A Skinny Guy Trained Like Arnold Schwarzenegger for 30 Days and Shared the Results

Fitness YouTuber Cole Baker has filmed a number of 30-day challenge videos in which he chooses a famous figure’s workout regime to follow, from calisthenics athletes to Avatar: The Last Airbender characters. In his most recent video, Baker spends a month training according the workout split favored by world-famous bodybuilder and action movie legend Arnold Schwarzenegger.

Day 1 is chest and back, consisting of bench press, incline dumbbell press, decline bench press, cable rows, lat pulldowns (all performed for 3 sets of 12), and pullups (3 sets to failure), usually finishing each workout with a burnout of a chest or back exercise.

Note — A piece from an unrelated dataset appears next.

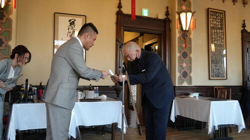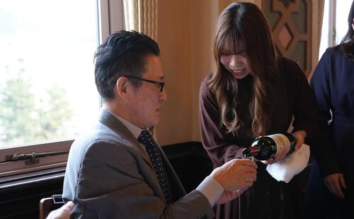 食事会も終盤、社長、専務から従業員へ
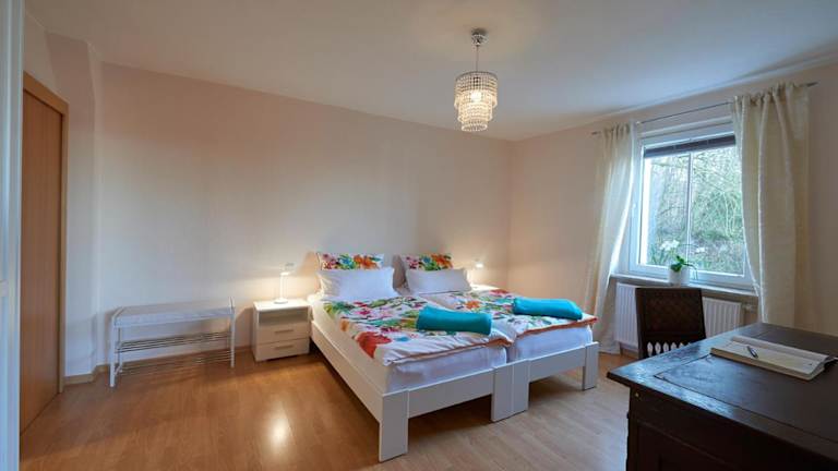 Die Ferienwohnung verfügt über ein gemütliches Schlafzimmer, ein Wohnzimmer mit Flachbild-TV und eine voll ausgestattete Küche mit Kühlschrank und Backofen. Das Badezimmer ist mit einer Dusche ausgestattet. Handtücher und Bettwäsche werden gestellt, so dass Sie sich um nichts kümmern müssen.

Day 2 is arms, consisting of 3 sets of 12 tricep extensions, bicep curls, shoulder press, skull crushers, lateral raises, and preacher curls.

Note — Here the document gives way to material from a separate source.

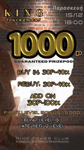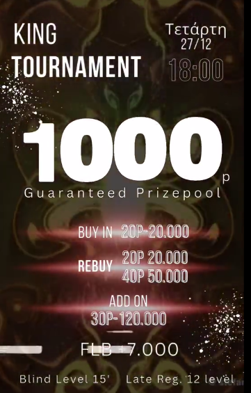 King: Ηeads-up deal χθες, 30p NLHE με 1.000p gtd στις 18:00

Day 3 is legs and abs. For the leg workout, Baker does squats (3 sets of 8), leg extensions, hamstring curls, leg press, and calf raises (all 3 sets of 12). “Normally we’d do two separate ab workouts, making sure to work our obliques in at least one of them,” he says. “Then after we finished abs, again we would just destroy our legs on a burnout exercise, like Bulgarian squats.”

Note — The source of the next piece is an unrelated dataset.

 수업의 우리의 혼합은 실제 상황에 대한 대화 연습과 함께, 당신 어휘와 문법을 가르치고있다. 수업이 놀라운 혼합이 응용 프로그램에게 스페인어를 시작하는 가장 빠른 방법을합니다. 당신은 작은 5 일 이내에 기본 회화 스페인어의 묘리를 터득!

He then repeats this cycle throughout the month, noting that the three-day split makes it easy to incorporate rest days whenever needed. “I thought this was a great split to follow,” he says. “I don’t know what it is, but working out your chest and your back on the same day just is a lot more satisfying than doing biceps and back, or chest and shoulders.”

At the end of the challenge, Baker has put on some mass (the lack of a clear “before” photo makes it harder to track improvements in muscle definition), although he acknowledges he had also slightly increased his food intake during the challenge, so the weight gain is not entirely muscle.

“I weighed 166.4 pounds at the start of this, and that was the heaviest I had been in a long time,” he says. “However, after 30 days… I am now weighing over 170 pounds.”